The deeper root system of the perennials in a garden will benefit other plants nearby by bringing water and nutrients up to the top of the soil for those plants with a shallow root. Nutrients, such as nitrogen, are drawn to the surface by the roots of perennials. Water also is drawn up. This helps the other vegetation thrive while enriching the soil and making is less susceptible to disease and erosion.
The presence of hardy perennials in a flower bed provides ground cover, preserving soil moisture. Even as they die back in the colder months, these plants usually keep their foliage, covering the soil and protecting it from the sun.
Many perennials are easy to propagate by dividing and replanting to produce new plants. While most perennials last a long time, they do not last forever. This system of digging up the root clump, splitting and replanting will ensure a long-lasting garden.

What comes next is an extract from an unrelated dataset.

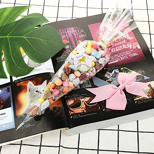 Details: LOKIPA 50pcs Clear Cone Bags with Gold Twist Ties and 50pcs Unicorn Thank You Stickers perfect for unicorn themed party, gift packing, ideal party accessories as party bags gifts, wedding birthday party favors and displays. These cute unicorn thank you stickers with faux glitter design make they looks Cute on gifts bags ,they can seal party invitation envelopes, decorate your party favors, add to gift bags, scrapbook, gift tags, candy box favors, gift box and more! Package include: 50*cone bags 50*gold twist ties 50*unicorn thank you stickers

One of the most popular reasons that gardeners prefer perennials is the variety. Below is a list of some of my favourite summer perennials:
With a bit of planning, it is possible to have a garden that always has different varieties blooming.
Annuals tend to all bloom at the same time of the season, while the perennials can be planned to offer a gardener’s reward throughout the growing season. Annuals have their place in the gardener’s garden but for long-lasting beauty, benefits to the soil and surrounding plant-life, a perennial garden with blooms throughout the season is a gardener’s prize.